What to work on: The records below are to be restated word for word, with every picture left out.

Recorded data:

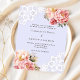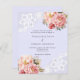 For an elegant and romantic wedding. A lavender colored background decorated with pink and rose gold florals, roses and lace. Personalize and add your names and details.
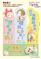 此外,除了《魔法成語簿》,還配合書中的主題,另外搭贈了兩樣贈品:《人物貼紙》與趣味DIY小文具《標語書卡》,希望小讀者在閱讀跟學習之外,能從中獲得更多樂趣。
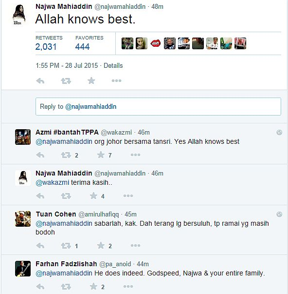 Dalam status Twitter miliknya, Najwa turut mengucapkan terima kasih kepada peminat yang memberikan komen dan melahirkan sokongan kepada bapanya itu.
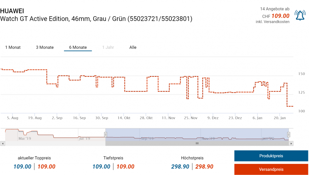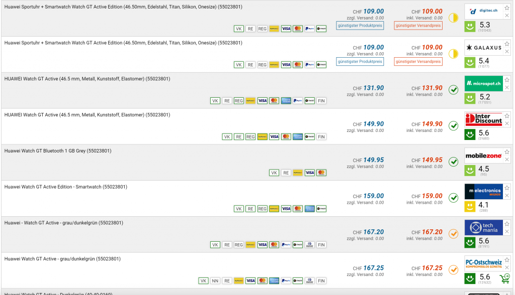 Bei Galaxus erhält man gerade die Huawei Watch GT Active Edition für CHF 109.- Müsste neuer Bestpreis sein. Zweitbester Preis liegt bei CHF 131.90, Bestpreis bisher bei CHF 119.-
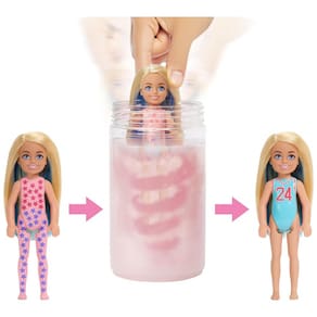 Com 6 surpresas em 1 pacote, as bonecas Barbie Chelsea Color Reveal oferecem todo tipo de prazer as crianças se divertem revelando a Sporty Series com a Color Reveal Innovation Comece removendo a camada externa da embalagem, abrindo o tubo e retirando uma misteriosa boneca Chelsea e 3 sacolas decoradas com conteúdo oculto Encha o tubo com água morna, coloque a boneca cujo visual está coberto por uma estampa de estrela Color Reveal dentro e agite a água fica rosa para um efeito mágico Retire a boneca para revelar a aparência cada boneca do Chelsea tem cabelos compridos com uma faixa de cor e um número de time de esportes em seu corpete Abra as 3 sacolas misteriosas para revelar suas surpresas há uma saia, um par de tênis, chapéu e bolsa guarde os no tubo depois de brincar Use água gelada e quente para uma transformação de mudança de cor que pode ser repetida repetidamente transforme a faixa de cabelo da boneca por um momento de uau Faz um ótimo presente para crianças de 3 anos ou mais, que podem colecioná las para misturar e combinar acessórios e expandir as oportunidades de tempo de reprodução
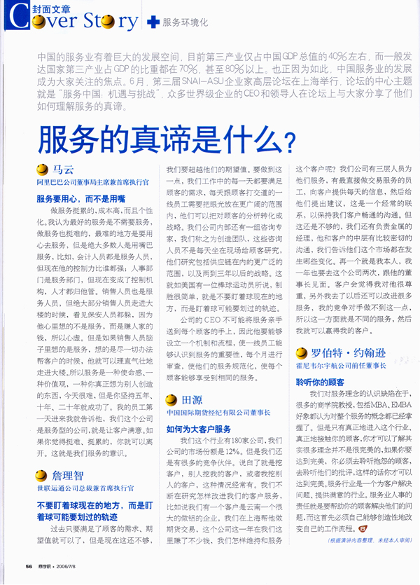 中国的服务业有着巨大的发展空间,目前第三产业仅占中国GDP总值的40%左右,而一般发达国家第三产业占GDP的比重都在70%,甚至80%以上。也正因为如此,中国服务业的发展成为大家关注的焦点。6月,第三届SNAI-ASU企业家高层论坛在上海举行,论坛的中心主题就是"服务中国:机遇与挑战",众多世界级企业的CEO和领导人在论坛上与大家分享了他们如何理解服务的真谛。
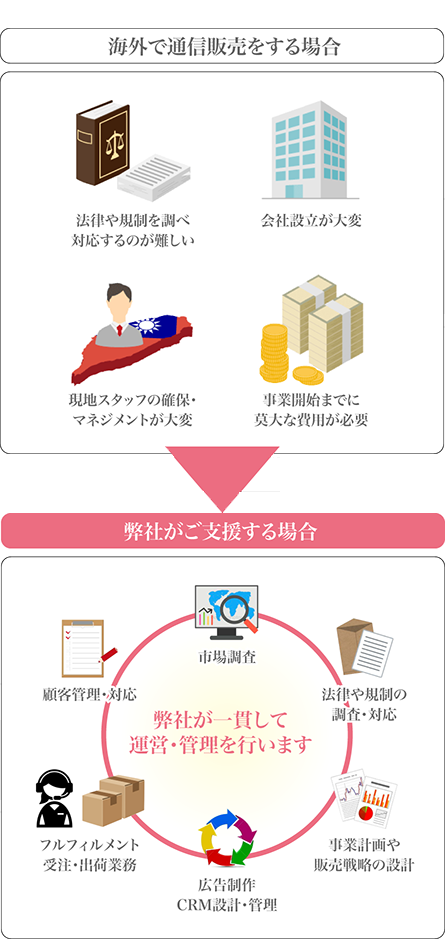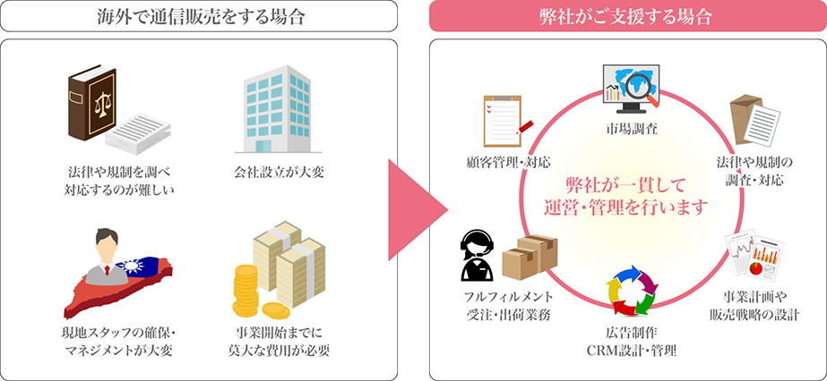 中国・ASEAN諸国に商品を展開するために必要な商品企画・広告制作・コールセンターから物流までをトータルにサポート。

Finished exercise:
 For an elegant and romantic wedding. A lavender colored background decorated with pink and rose gold florals, roses and lace. Personalize and add your names and details.
 此外,除了《魔法成語簿》,還配合書中的主題,另外搭贈了兩樣贈品:《人物貼紙》與趣味DIY小文具《標語書卡》,希望小讀者在閱讀跟學習之外,能從中獲得更多樂趣。
 Dalam status Twitter miliknya, Najwa turut mengucapkan terima kasih kepada peminat yang memberikan komen dan melahirkan sokongan kepada bapanya itu.
 Bei Galaxus erhält man gerade die Huawei Watch GT Active Edition für CHF 109.- Müsste neuer Bestpreis sein. Zweitbester Preis liegt bei CHF 131.90, Bestpreis bisher bei CHF 119.-
 Com 6 surpresas em 1 pacote, as bonecas Barbie Chelsea Color Reveal oferecem todo tipo de prazer as crianças se divertem revelando a Sporty Series com a Color Reveal Innovation Comece removendo a camada externa da embalagem, abrindo o tubo e retirando uma misteriosa boneca Chelsea e 3 sacolas decoradas com conteúdo oculto Encha o tubo com água morna, coloque a boneca cujo visual está coberto por uma estampa de estrela Color Reveal dentro e agite a água fica rosa para um efeito mágico Retire a boneca para revelar a aparência cada boneca do Chelsea tem cabelos compridos com uma faixa de cor e um número de time de esportes em seu corpete Abra as 3 sacolas misteriosas para revelar suas surpresas há uma saia, um par de tênis, chapéu e bolsa guarde os no tubo depois de brincar Use água gelada e quente para uma transformação de mudança de cor que pode ser repetida repetidamente transforme a faixa de cabelo da boneca por um momento de uau Faz um ótimo presente para crianças de 3 anos ou mais, que podem colecioná las para misturar e combinar acessórios e expandir as oportunidades de tempo de reprodução
 中国的服务业有着巨大的发展空间,目前第三产业仅占中国GDP总值的40%左右,而一般发达国家第三产业占GDP的比重都在70%,甚至80%以上。也正因为如此,中国服务业的发展成为大家关注的焦点。6月,第三届SNAI-ASU企业家高层论坛在上海举行,论坛的中心主题就是"服务中国:机遇与挑战",众多世界级企业的CEO和领导人在论坛上与大家分享了他们如何理解服务的真谛。
 中国・ASEAN諸国に商品を展開するために必要な商品企画・広告制作・コールセンターから物流までをトータルにサポート。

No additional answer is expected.